• Assignment: Search the data for the word "well" and copy each line that has it.

• Exercise data:
..............................
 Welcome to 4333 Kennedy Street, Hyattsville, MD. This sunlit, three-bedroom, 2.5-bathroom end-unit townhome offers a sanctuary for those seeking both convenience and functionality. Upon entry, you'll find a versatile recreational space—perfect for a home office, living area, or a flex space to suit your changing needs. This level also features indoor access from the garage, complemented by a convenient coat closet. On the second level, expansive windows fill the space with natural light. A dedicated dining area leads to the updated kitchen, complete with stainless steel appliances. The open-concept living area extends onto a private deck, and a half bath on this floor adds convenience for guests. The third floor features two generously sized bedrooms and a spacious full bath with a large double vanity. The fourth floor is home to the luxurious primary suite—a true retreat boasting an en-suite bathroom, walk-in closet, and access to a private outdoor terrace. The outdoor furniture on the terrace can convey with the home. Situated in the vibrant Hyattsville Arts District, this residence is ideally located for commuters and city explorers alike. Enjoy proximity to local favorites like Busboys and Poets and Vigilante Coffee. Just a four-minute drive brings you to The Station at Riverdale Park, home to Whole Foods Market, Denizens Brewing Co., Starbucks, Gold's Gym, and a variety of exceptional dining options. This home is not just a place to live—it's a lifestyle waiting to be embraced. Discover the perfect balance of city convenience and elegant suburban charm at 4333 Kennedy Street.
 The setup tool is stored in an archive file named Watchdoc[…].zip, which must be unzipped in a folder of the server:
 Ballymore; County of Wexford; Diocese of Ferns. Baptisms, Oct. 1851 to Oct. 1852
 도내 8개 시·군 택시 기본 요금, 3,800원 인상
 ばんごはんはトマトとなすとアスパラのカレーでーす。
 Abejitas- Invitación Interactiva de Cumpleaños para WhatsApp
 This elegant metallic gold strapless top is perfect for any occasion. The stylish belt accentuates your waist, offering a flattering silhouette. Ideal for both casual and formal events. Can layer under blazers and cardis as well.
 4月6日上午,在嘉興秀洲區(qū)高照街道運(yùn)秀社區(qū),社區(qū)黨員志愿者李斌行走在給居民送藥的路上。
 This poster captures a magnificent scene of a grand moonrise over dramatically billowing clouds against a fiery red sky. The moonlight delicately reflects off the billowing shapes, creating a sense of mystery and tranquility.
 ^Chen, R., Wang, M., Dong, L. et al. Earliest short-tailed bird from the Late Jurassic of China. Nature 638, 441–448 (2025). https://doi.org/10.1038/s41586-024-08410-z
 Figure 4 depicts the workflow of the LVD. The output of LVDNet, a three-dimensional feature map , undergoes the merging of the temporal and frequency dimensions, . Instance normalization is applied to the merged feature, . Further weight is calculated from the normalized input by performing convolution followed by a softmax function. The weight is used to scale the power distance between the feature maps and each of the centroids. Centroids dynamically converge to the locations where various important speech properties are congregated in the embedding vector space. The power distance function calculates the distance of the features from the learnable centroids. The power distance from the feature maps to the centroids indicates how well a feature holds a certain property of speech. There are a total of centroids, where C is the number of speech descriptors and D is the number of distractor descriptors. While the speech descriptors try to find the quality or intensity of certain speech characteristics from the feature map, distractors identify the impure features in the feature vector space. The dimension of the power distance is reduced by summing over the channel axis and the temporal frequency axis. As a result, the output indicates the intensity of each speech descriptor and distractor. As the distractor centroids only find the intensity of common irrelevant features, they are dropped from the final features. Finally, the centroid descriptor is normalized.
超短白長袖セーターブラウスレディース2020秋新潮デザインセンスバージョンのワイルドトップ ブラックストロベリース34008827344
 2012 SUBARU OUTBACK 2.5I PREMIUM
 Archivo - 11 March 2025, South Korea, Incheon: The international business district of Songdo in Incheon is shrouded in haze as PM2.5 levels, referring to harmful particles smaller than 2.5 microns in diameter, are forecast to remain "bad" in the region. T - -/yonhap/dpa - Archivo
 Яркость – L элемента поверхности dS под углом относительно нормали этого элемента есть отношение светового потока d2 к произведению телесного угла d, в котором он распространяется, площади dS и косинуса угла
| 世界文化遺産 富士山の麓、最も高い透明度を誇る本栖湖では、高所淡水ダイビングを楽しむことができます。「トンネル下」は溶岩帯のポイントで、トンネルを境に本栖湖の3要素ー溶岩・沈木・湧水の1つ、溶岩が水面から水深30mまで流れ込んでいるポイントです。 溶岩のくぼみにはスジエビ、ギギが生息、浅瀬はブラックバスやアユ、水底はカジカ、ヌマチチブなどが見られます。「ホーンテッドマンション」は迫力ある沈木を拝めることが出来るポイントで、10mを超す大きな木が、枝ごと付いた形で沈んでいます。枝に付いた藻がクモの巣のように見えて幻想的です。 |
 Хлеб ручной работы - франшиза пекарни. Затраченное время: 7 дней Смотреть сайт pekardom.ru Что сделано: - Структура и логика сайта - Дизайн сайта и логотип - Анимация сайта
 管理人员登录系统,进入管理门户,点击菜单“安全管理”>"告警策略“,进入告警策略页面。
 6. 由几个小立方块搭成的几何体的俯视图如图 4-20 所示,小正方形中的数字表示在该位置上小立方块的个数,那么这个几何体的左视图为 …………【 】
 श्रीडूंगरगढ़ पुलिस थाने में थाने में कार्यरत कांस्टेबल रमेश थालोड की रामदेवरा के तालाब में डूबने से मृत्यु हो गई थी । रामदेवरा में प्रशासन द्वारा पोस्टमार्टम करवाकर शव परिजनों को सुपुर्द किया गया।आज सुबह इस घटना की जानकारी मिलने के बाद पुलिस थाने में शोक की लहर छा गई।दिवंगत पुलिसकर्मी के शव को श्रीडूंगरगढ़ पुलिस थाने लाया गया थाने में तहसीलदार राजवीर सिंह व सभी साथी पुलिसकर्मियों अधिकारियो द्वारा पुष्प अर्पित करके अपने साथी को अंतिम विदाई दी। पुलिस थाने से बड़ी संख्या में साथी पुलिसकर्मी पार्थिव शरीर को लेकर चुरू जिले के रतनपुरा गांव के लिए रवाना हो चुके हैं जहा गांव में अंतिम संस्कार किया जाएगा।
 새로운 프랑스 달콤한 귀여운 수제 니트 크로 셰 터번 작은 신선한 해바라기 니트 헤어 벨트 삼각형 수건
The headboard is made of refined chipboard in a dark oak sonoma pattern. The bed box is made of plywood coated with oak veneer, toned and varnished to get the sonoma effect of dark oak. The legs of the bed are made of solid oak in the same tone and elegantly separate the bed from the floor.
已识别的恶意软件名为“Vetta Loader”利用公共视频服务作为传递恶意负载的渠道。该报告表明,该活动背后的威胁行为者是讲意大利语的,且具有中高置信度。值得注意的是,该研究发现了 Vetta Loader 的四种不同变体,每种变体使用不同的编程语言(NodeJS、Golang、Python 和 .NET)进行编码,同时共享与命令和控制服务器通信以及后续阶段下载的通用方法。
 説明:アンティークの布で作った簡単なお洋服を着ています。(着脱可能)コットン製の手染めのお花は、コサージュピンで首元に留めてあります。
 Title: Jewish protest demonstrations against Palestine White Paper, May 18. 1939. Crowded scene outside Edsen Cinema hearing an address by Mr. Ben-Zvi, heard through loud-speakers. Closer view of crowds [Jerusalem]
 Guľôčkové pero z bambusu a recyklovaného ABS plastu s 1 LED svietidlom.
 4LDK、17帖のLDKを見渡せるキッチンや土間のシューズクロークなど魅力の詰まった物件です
..............................
• Task answer:
 This elegant metallic gold strapless top is perfect for any occasion. The stylish belt accentuates your waist, offering a flattering silhouette. Ideal for both casual and formal events. Can layer under blazers and cardis as well.
 Figure 4 depicts the workflow of the LVD. The output of LVDNet, a three-dimensional feature map , undergoes the merging of the temporal and frequency dimensions, . Instance normalization is applied to the merged feature, . Further weight is calculated from the normalized input by performing convolution followed by a softmax function. The weight is used to scale the power distance between the feature maps and each of the centroids. Centroids dynamically converge to the locations where various important speech properties are congregated in the embedding vector space. The power distance function calculates the distance of the features from the learnable centroids. The power distance from the feature maps to the centroids indicates how well a feature holds a certain property of speech. There are a total of centroids, where C is the number of speech descriptors and D is the number of distractor descriptors. While the speech descriptors try to find the quality or intensity of certain speech characteristics from the feature map, distractors identify the impure features in the feature vector space. The dimension of the power distance is reduced by summing over the channel axis and the temporal frequency axis. As a result, the output indicates the intensity of each speech descriptor and distractor. As the distractor centroids only find the intensity of common irrelevant features, they are dropped from the final features. Finally, the centroid descriptor is normalized.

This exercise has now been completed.